Heat Waves and Cold Snaps Challenge Utilities

By Tom Tubman, Executive Director, American Energy Coalition

Utilities from coast to coast are struggling to keep the lights on due to supply limitations, inadequate maintenance and aging infrastructure. The utilities and regulators are quick to blame extreme weather, opposition to new infrastructure projects, and factors beyond their control, but others have pointed out that the utilities have failed to maintain and replace aging equipment. The latest example came from Southern California just two months ago when a widespread electric power outage hit the Los Angeles area, affecting tens of thousands. During a four-day period, over 80,000 people were without power at one point or another, some enduring blackouts for 55 hours or longer.

The Los Angeles Department of Water and Power (LADWP), the largest municipal utility in the U.S., which serves more than four million residents, blamed the early July interruption on a prolonged heat wave that resulted in record demand for electric power. Electricity demand spiked at 6,256 megawatts on July 6, a record high for a July day in Los Angeles. On Saturday, July 7, the day after the lights started to go out, demand for power exceeded 5,700 megawatts, the second highest measure for a weekend day in Los Angeles history.

Prior to the outage, LADWP had assured Angelenos that they would have sufficient power available as the heat wave continued.
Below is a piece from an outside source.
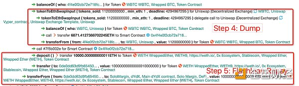 4:出货。随着Uniswap中WBTC价格的飙升,攻击者将Uniswap中从Compound中借来的112 WBTC卖出换成WETH。

Following the outage, LADWP maintained that it did in fact have sufficient power, and said (in a statement on the LADWP website) that the problem was due to “Unrelenting weather conditions and high energy demand [that] continue to strain equipment, ranging from underground cables, to overheated power lines, as well as larger scale equipment including overloaded power distribution stations and related equipment.”

Officials quoted by the LA Times said, “Aging infrastructure could not handle the surging demand for electricity as Angelenos ran their air conditioning day and night.” At one point more than 46,000 were without power.

Despite regular updates from LADWP, residents and commercial customers were very upset by the lack of credible information coming from the utility. After the initial outage on Friday, the utility said power would be restored in 12-24 hours; by Saturday evening, that estimate grew to 24-48 hours. On Monday morning, the fourth day of the outages, 7,000 were still without power. It wasn’t until Monday afternoon that the number dropped below 2,000.

Here on the East Coast and particularly in New England, weather gets blamed for power outages on very cold days, not just on days of extreme heat. Those who remember the Polar Vortex from a couple years ago will recall that several areas were on the verge of rolling blackouts. But a larger problem for New England is the closing of coal fired and nuclear powered electric generating facilities. As the retirements grow, more reliance is being placed on natural gas fired plants. However, due to warranted environmental and economic concerns, new interstate gas transmission lines are not being built to feed the growing percentage of electricity being generated by natural gas.

ISO New England (ISO-NE), the electric grid operator for the six-state region, foresaw the growing infrastructure problem following the Polar Vortex and developed a “Reliability Plan” that looked for generators capable of burning oil to produce electricity. ISO-NE offered oil and dual-fuel power generators that also had significant onsite fuel storage financial incentives in return for their commitment to maintain a supply of oil and generate electricity using that fuel during the coldest winter days. It’s on these days when natural gas infrastructure is pushed to the limit and fails to fill the region’s residential and commercial space heating needs.

Liquefied natural gas imported via ships into a facility in Everett, Massachusetts also helps supply energy on the coldest days of winter, but over the last few winters, oil has kept the lights on during the coldest periods.

ISO-NE’s plan to have oil fired generators standing by paid off for utility customers last winter. During the cold snap that began December 25 and continued through January 9, oil fired generators burned close to two million barrels of oil, generating electricity not available from other fuels. During this period, Boston saw some of the coldest weather in 100 years, with seven consecutive days in which the temperature never rose above 20ºF. According to a recent report by ISO-NE, that hasn’t happened since 1918. And to add some context, those two-million barrels of oil burned during that 16-day stretch are actually about 10 percent more than the amount used on average by the State of Vermont to heat homes and business for an entire year.

Using oil to generate electricity might seem questionable to some from an environmental perspective. However, with biodiesel blends now in widespread use, it can actually be a more environmentally friendly way to generate electricity. As the biofuel component of distillate increases, oil fired power generation approaches carbon neutrality and may some day achieve carbon negative status, wherein the fuel will actually help pull pre-existing carbon dioxide from the atmosphere.

Heat waves and cold snaps are just two examples of utility challenges to keep the lights on. However, when it comes to space heating and domestic hot water, the fact remains that no one can measure up to a full-service heating oil retailer in terms of keeping customers warm on the coldest winter days.